Ин-эр выглядела утомленной. Тяжело опустившись на ложе, она развернула широкий веер из бамбуковых планок с натянутой на него шелковой тканью, вышитой диковинными цветами и птицами, и принялась обмахиваться.
— Почему ты отдала, этой женщине свои вещи? — спросила Мэй.
— Чтобы она позволила нам остаться.
— Зачем? Мне не нравится в этом доме. Тут все чужое. Я хочу вернуться обратно.
— Боюсь, нам придется позабыть слово «хочу» и делать то, что скажут.
— Почему?
— У нас осталось мало денег, и нам некуда идти.
— А наш дом? Разве у нас нет дома?
Ин-эр опустила глаза, и ее длинные ресницы дрогнули.
— Мы никогда не вернемся туда.
Если бы мать сказала, что завтра на небе взойдет черное солнце, Мэй удивилась бы меньше.
— Как, почему? — вскричала она, чувствуя, как на глазах закипают слезы.
Ин-эр не ответила. Женщина не могла рассказать своей маленькой дочери правду. Быть может потом, когда та подрастет…
Без сомнения причиной случившегося была… скука. С течением времени роскошный, но неизменный окружающий мир стал вызывать у нее тошноту. Если в первые годы Ин-эр купалась во внимании господина, то после на смену ей пришли другие наложницы, красивей и моложе, и он посещал ее все реже и реже.
Как и все женщины, она любила делать покупки. Однажды по дороге на рынок Ин-эр увидала сквозь кисейные занавески паланкина прекрасного молодого воина, и в ее душу проникла болезнь, от которой не существует лекарства. В ее нежном, белом как алебастр теле зародилось убийственное пламя, а в безупречно причесанную головку проникли похожие на сверкающие молнии мысли.
Сейчас Ин-эр не хотелось вспоминать, как ей удалось подкупить служанку, а той — передать записку. Каждая встреча с Чаном была путешествием в рай по крутым волнам любовной стихии.
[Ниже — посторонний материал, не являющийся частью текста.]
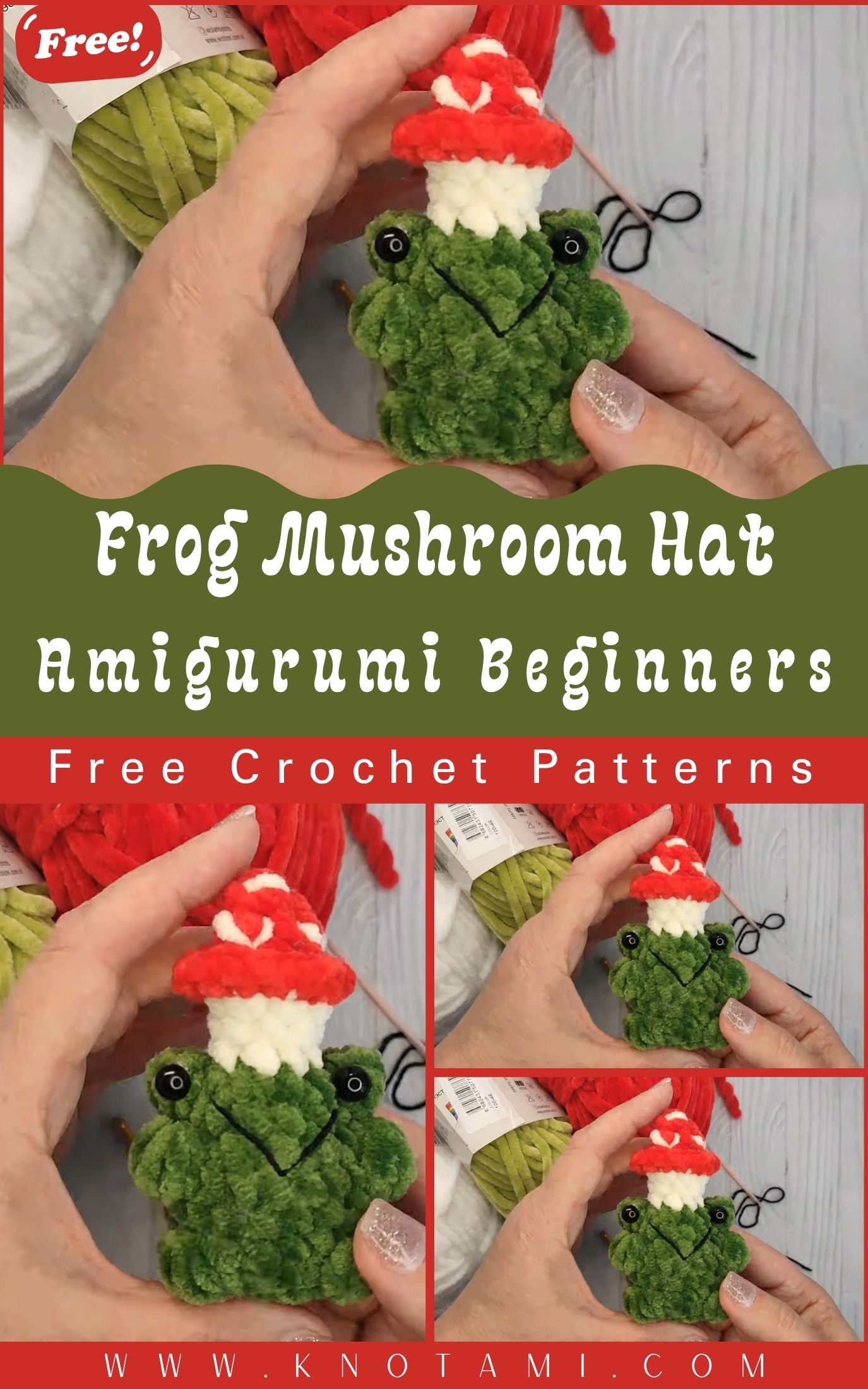Yarn: Medium-weight (worsted) acrylic or cotton yarn in green (frog body), red (hat top), white (hat spots), and a touch of pink or black for details.
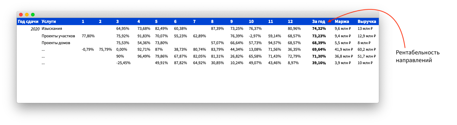 Примерно знали, что когда-то прибыль будет, но когда и сколько — нет. И чтобы узнать, я собрал план сдачи проектов, посчитал переменные и постоянные расходы, а затем — прибыль за год.
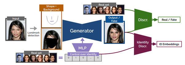 최근 얼굴 합성을 통한 비식별 처리 기술이 대두되고 있다. DeepFake와 같은 GAN 기반 이미지 합성 기술[6]은 가상의 얼굴을 원본 사진이나 영상에 겹치는 방식으로 개인정보를 비식별 처리한다. 기존 방법(Blur, Mosaic 등)과 달리 원본 인물의 표정(Expression), 자세(Pose) 등 R&D 연구에 유의미할 수 있는 주요 정보를 포함하되 새로운 인물로 대체하여 합성한다. 뮌헨 공과 대학교 연구진은 CVPR 2020에서 CIAGAN(GAN 기반 Conditional Identity Anonymization)[vii] 기술을 선보였다. 새로운 Identity의 인물을 생성한 후 합성하는 방식일 뿐만 아니라 주요 개인정보(나이, 성별, 신체 특징 등)에 대하여 선별적으로 조정 가능하도록 고안된 비식별 처리를 통하여 데이터의 활용성을 향상했다.
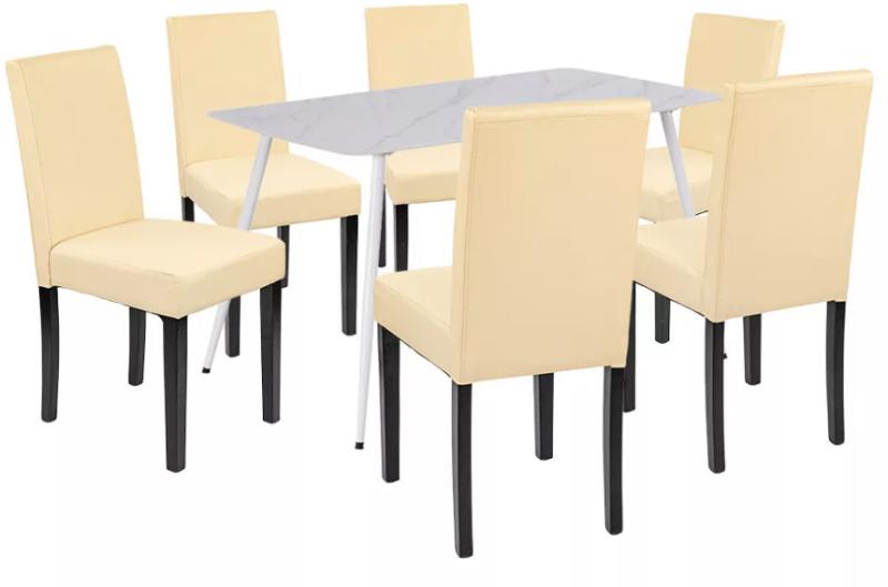 Megan 6+1 étkező garnitúra fehér-bézs Leziter Megan 6+1 étkezőgarnitúra – stílus és tartósság minden napra Unod már a billegő asztalokat és a kényelmetlen, nyikorgó székeket, amik elrontják a közös étkezések hangulatát? A családi vacsorák, ünnepi alkalmak vagy baráti összejövetelek során mindannyian kényelmet és stabilitást keresünk — de egy instabil asztal vagy nehezen tisztítható felületek csak bosszúságot okoznak. Ha kisgyermekekkel vagy gyakori vendégekkel élsz, ez folyamatos stresszforrás lehet. A Leziter Megan 6+1 étkezőgarnitúra fehér-bézs színben ezt a problémát végleg megoldja: modern, elegáns szett, amely hat kényelmes Kelly széket és egy stabil, prémium minőségű étkezőasztalt kínál — tökéletes választás otthonra, irodába vagy vendéglátóhelyekre egyaránt. Masszív, időtálló és elegáns étkezőasztal A Megan 6 személyes étkezőgarnitúra középpontjában a Bora 140 cm szögletes szinterezett kő étkezőasztal áll, amelyet a letisztult, palakő hatású, természetes textúra és a modern design tesz igazán különlegessé. Az asztallap természetes alapanyagokból (agyag és homok) készül, 10.000 tonnás sajtolóval préselve, majd 1200°C-on égetve, így rendkívül ellenálló a karcokkal, foltokkal és hőhatással szemben. Mérete 140x80x75 cm, ezért ideális közepes terekbe is, és kényelmes helyet biztosít 4-6 fő részére. A fehérre festett erős fém lábak stabilitást és masszív tartást garantálnak, míg a műanyag védőtalpak óvják a padlót a sérülésektől. A garnitúra része hat darab Leziter Kelly szék, amelyek bézs ECO bőr kárpitozásuknak köszönhetően nemcsak elegánsak, hanem rendkívül könnyen tisztíthatók is. A vastag, 4 cm-es habszivacs ülőfelület kényelmet biztosít akár egy hosszabb vacsora során is, a stabil fenyőfa lábak pedig 120 kg-os teherbírásukkal még intenzív használat esetén is megbízható társak maradnak. Kelly szék – stílus, kényelem és praktikum minden napra A Leziter Kelly székek minden ülésnél extra kényelmet kínálnak. A bézs ECO bőr borítás modern, letisztult megjelenést kölcsönöz, miközben egyszerűen tisztán tartható — különösen praktikus választás családok, kávézók vagy éttermek számára. Az ülőfelület belsejében található újrahasznosított habszivacs nemcsak kényelmes, hanem környezetbarát megoldás is. A stabil fenyőfa lábak biztonságot és hosszú élettartamot garantálnak. Így a Kelly szék tökéletes választás éttermekbe, irodai étkezőkbe, rendezvényhelyszínekre és otthoni használatra is. Kelly szék jellemzői:

Тот день, когда господин узнал об измене наложницы, стал самым чёрным днем в ее жизни. Ин-эр было страшно думать о том, что стало с ее возлюбленным. Оставалось надеяться, что его душе не придется долго томиться в круге перерождений.
С ней самой господин поступил иначе. Ей было велено собрать личные вещи и покинуть усадьбу. Ин-эр оценила и жестокость, и милосердие своего повелителя.
— Что толку говорить об этом? — со вздохом сказала она дочери. — Того, что уже случилось, нельзя изменить.
Ин-эр решила переодеться к обеду. Когда она принялась стягивать платье, раздалось мелодичное звяканье, напоминавшее журчание весеннего ручейка. То звенели тонкие яшмовые пластины, прикрепленные к подолу ее одежды.
Этот звук навсегда запомнился Мэй, как призрачный голос прежней, навсегда потерянной жизни.
Когда Ин-эр вышла из комнаты, на ней был новый наряд, соединявший в себе множество оттенков сиреневого цвета, изящные туфельки и белые чулки. Она уложила волосы в сложную волнистую прическу, закрепив ее при помощи шпилек и заколок. Лицо было матово-белым от пудры, губы выкрашены в розоватый цвет лепестков цветущей яблони.
Муж Ши, Цзин, пораженный красотой свояченицы, уставился на нее, как на диковинку, а Ши заскрежетала зубами от злости.